**WHAT YOU HAVE TO DO**
As the answer, give a copy of each line below that includes the word "back".
=== Begin Enclosure ===
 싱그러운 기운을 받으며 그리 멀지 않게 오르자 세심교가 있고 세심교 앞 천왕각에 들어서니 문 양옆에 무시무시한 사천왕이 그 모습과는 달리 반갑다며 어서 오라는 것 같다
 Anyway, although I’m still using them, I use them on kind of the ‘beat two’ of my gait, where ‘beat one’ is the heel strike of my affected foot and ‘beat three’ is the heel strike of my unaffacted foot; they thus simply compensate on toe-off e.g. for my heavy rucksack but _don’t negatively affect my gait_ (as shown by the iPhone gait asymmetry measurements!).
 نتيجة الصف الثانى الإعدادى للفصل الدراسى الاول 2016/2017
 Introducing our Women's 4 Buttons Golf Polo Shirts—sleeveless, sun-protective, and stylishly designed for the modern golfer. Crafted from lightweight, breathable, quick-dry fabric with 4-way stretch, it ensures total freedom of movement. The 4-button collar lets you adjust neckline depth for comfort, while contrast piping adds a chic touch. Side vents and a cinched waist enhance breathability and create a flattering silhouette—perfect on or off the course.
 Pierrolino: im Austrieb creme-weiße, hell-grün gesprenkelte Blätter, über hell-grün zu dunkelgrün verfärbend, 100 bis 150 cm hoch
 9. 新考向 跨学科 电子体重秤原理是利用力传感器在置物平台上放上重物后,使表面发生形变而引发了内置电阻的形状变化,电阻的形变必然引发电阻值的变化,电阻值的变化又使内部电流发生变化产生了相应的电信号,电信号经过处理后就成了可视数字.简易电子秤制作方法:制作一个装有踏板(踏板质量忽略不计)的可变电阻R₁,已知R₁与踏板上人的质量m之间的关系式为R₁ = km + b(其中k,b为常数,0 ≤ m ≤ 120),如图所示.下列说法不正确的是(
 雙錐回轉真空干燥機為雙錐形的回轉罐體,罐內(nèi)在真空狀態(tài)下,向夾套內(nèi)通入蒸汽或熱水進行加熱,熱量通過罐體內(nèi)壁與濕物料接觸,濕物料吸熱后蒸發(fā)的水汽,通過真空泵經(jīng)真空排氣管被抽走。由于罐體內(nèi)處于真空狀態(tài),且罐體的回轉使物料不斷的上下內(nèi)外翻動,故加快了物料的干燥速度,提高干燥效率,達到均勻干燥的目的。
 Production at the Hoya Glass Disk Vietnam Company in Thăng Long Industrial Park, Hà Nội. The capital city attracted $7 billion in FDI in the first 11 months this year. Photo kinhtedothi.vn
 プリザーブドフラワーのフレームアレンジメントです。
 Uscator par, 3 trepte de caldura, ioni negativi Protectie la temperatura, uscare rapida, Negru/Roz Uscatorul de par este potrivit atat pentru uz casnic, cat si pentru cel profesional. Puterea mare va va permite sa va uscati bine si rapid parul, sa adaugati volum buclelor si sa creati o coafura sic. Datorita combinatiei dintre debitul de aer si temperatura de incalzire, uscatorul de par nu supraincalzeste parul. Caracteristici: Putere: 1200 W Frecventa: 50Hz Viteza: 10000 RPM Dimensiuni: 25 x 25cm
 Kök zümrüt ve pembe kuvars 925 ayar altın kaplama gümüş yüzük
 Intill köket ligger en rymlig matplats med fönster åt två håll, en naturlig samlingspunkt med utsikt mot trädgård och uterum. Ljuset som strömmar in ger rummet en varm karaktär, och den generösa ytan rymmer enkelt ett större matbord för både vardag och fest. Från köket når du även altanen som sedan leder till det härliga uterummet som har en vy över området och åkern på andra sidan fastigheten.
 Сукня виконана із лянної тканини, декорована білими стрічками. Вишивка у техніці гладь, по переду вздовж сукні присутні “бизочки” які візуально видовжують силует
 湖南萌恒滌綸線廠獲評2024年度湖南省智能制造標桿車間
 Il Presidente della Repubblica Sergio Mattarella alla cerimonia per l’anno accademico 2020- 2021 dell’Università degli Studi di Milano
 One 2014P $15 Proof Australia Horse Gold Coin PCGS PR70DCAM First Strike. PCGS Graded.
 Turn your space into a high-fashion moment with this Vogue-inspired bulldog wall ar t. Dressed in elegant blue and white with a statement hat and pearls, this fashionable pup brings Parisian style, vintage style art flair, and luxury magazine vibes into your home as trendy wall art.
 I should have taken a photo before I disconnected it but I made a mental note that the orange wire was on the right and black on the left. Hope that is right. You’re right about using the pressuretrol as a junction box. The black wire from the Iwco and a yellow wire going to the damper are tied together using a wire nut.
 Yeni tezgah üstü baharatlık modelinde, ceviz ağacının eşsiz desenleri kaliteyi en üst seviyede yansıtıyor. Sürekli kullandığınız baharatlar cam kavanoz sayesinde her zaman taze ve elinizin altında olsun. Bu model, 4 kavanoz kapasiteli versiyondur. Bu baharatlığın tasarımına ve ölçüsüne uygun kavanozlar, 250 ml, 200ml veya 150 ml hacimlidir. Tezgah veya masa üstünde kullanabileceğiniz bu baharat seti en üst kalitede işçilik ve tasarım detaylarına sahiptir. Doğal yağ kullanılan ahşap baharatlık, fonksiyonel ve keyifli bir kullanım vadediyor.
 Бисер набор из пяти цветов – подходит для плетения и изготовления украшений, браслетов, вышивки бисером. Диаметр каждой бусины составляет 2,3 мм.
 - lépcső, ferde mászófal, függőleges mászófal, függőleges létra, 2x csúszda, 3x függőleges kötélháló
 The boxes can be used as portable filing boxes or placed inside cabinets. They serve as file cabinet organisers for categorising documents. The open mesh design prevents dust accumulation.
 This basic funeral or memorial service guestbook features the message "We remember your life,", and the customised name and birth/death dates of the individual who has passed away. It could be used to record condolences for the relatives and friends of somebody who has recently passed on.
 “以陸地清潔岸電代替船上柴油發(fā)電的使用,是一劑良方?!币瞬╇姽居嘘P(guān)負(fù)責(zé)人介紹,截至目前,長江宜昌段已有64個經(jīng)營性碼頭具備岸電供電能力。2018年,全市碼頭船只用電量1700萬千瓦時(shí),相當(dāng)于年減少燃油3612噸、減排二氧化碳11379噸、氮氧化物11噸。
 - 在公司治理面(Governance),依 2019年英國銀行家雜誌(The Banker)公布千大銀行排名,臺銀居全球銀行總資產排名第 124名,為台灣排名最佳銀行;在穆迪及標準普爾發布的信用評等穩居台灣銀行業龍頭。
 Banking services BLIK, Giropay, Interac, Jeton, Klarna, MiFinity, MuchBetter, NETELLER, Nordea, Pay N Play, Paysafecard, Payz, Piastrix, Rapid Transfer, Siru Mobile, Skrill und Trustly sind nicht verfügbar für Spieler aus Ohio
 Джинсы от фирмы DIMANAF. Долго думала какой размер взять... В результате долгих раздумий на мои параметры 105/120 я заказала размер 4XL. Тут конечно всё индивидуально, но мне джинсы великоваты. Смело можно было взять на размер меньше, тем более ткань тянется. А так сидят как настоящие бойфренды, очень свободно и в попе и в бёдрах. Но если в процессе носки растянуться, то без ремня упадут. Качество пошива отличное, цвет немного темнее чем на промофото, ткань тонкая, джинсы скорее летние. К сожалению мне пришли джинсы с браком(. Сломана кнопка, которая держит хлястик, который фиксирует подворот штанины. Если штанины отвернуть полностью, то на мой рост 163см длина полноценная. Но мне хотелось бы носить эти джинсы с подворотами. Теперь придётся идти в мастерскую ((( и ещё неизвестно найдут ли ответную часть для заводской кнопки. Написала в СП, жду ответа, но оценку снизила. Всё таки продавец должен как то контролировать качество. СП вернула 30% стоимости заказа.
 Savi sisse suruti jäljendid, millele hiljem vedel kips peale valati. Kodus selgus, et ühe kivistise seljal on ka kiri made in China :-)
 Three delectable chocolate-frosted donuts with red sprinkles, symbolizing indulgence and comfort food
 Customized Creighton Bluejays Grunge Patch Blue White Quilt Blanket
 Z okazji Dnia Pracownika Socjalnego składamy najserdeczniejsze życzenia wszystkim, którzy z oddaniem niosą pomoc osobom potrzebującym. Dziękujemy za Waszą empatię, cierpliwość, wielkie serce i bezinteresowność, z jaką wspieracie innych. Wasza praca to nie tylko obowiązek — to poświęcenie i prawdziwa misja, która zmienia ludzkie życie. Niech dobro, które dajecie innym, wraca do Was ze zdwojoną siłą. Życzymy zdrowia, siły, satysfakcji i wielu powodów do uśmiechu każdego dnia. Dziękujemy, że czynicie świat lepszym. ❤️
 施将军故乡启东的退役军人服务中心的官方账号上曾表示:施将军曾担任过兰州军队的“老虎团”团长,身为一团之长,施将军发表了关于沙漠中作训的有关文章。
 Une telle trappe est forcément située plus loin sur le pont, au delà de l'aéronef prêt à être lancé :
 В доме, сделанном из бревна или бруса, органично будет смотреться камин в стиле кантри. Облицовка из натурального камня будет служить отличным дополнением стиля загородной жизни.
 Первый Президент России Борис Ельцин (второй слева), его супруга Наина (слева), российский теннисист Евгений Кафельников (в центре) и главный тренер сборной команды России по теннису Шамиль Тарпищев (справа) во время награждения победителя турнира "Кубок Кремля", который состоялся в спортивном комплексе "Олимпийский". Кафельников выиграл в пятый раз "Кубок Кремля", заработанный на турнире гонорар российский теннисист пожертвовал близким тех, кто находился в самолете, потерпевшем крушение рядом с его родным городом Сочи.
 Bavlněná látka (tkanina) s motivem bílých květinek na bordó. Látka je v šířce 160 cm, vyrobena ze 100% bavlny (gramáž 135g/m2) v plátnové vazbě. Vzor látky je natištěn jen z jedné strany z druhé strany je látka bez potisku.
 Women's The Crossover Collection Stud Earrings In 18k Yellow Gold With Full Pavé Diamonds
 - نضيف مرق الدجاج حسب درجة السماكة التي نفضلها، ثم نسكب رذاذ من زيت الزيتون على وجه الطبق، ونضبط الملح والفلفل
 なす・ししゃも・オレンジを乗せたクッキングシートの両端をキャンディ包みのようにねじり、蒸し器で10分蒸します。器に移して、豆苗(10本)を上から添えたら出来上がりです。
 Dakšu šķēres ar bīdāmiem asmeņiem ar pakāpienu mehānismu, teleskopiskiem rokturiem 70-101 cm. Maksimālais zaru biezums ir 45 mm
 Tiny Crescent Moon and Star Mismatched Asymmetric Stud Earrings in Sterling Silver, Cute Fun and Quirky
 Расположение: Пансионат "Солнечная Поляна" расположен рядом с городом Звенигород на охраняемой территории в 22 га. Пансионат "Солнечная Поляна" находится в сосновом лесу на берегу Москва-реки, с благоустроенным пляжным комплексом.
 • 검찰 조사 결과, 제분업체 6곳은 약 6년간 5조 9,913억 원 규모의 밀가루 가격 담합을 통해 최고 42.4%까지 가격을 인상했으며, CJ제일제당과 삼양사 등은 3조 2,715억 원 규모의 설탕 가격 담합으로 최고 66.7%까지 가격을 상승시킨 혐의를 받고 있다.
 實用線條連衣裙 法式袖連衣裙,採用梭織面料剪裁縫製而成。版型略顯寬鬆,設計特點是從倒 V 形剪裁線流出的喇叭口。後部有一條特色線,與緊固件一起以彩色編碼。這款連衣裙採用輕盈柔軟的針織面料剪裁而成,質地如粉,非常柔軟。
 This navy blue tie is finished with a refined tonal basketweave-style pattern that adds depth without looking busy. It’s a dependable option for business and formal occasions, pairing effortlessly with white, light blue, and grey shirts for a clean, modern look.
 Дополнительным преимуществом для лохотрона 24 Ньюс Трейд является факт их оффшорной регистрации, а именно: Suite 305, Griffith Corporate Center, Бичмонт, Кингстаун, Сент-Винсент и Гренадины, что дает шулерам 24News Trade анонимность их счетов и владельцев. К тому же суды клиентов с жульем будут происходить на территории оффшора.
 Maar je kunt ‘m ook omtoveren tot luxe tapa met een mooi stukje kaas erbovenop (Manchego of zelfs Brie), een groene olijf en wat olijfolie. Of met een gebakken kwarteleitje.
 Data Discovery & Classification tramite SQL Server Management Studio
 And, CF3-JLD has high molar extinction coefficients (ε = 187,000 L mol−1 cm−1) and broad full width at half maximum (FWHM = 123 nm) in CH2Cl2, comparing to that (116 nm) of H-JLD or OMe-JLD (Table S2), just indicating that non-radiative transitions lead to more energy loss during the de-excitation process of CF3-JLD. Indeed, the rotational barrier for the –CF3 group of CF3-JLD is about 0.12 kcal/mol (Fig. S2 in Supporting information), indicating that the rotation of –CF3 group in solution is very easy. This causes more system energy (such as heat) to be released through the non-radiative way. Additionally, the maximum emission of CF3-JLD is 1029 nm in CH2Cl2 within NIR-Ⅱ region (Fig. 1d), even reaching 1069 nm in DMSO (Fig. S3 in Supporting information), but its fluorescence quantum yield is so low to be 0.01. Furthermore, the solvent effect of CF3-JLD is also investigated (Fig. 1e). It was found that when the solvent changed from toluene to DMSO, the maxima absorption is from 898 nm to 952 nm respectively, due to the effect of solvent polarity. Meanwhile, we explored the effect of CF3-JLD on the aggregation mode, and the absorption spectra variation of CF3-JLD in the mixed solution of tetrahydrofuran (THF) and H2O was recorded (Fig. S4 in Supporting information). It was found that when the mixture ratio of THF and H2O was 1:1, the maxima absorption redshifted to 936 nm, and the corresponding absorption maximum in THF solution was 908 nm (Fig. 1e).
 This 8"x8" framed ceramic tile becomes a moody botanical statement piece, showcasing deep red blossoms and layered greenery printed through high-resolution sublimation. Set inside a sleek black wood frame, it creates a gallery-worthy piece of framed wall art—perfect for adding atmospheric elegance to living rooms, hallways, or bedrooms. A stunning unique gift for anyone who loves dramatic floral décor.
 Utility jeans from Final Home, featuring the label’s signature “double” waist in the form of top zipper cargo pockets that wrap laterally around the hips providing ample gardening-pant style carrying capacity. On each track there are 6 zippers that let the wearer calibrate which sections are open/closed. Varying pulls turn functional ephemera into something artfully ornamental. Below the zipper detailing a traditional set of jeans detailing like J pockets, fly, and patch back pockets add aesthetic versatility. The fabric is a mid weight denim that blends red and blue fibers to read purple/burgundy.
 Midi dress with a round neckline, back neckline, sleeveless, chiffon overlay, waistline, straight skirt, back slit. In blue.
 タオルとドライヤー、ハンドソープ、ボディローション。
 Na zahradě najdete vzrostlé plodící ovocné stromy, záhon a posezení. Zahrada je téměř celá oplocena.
=== End Enclosure ===
**SOLUTION**
 Utility jeans from Final Home, featuring the label’s signature “double” waist in the form of top zipper cargo pockets that wrap laterally around the hips providing ample gardening-pant style carrying capacity. On each track there are 6 zippers that let the wearer calibrate which sections are open/closed. Varying pulls turn functional ephemera into something artfully ornamental. Below the zipper detailing a traditional set of jeans detailing like J pockets, fly, and patch back pockets add aesthetic versatility. The fabric is a mid weight denim that blends red and blue fibers to read purple/burgundy.
 Midi dress with a round neckline, back neckline, sleeveless, chiffon overlay, waistline, straight skirt, back slit. In blue.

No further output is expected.